Mercedes and I have spent the past week exploring Ulaan Baatar (UB) and enjoying the celebrations surrounding the Naadam Festival. This is a festival that occurs each year in all cities across Mongolia. The largest version of the festival is held in UB. This festival celebrates the "three manly sports" of Mongolia - wrestling, horseback riding and archery. It is pretty much the best (and most random) festival ever.
Leading up to the festival, performances of traditional Mongolian singing, dancing, and horsehead fiddle playing were held in the city's main square. As a tourist it was a great way to learn a bit about the country's folk art. Traditional singing involves either throat singing or a "long version" of traditional song that is so called because of the long trills it involves. Throat singing came about because it is said to sound like the wind in the open wilderness. I beg to differ. It sounds awful. The dancing though was quite spectacular and seemed to share some elements with traditional Russian dancing, but also involved a lot of shoulder shaking that I failed miserably at recreating. The horsehead fiddle came about when a man's beloved horse died.
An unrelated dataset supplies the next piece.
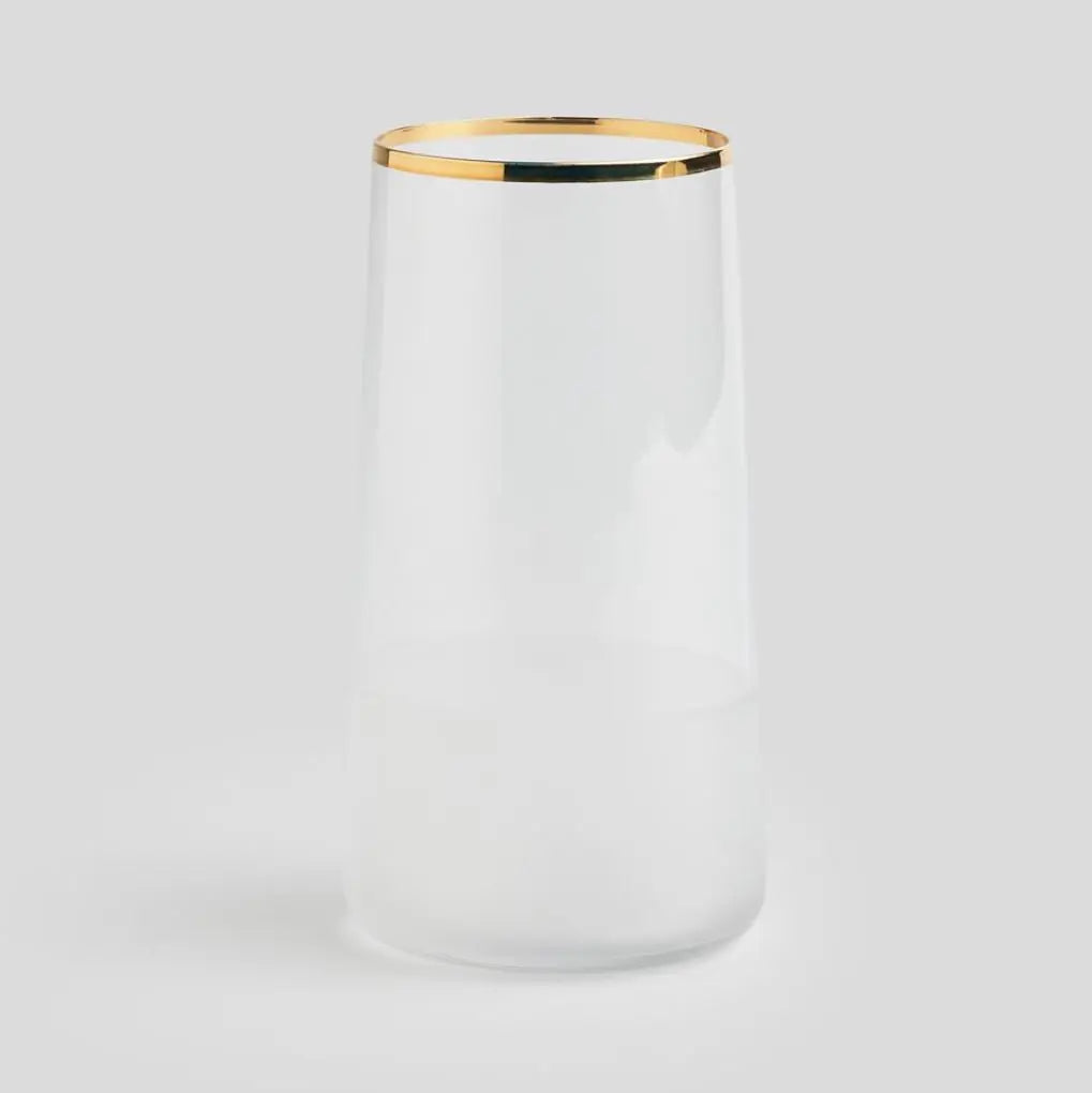 Ein elegantes transparentes Glas aus Kalknatronglas, verziert mit einem zarten Goldrand, ist eine perfekte Ergänzung für jede Küche. Er eignet sich ideal zum Servieren von Getränken und kombiniert Funktionalität mit einem luxuriösen Look. Es ist eine ideale Wahl für stilvolle Tischdekorationen für besondere Anlässe und alltägliche Momente.

He used the horse's hair and skin to construct a fiddle that he then used to play mournful songs about his horse.
The opening ceremonies were held on Monday. One of the focal points of the ceremonies (and the festival itself) is the celebration of the nine honoured horses and the nine white banners. I'm not entirely clear about what the flags represent but it seemed that national hero Chinggis (Ghengis) Khan received nine white flags 800 some years ago and they spurred him on to victory. Or something like that.
The banners are carried by men on the nine honoured horses (apparently these are chosen at random for no particular reason. I find that hard to believe as they are called the honoured horses, but that may just be part of the randomness of it all) from the main city square to the stadium in which the opening ceremonies take place. There, the banners are placed on the stadium floor and soldiers stand guard over them until the festival is over. When wrestlers win a match they go perform some sort of praise ritual to the banners. Perhaps thanking them for strength? Really though, the ritual just looks like the manly wrestlers are flapping their arms like a bird.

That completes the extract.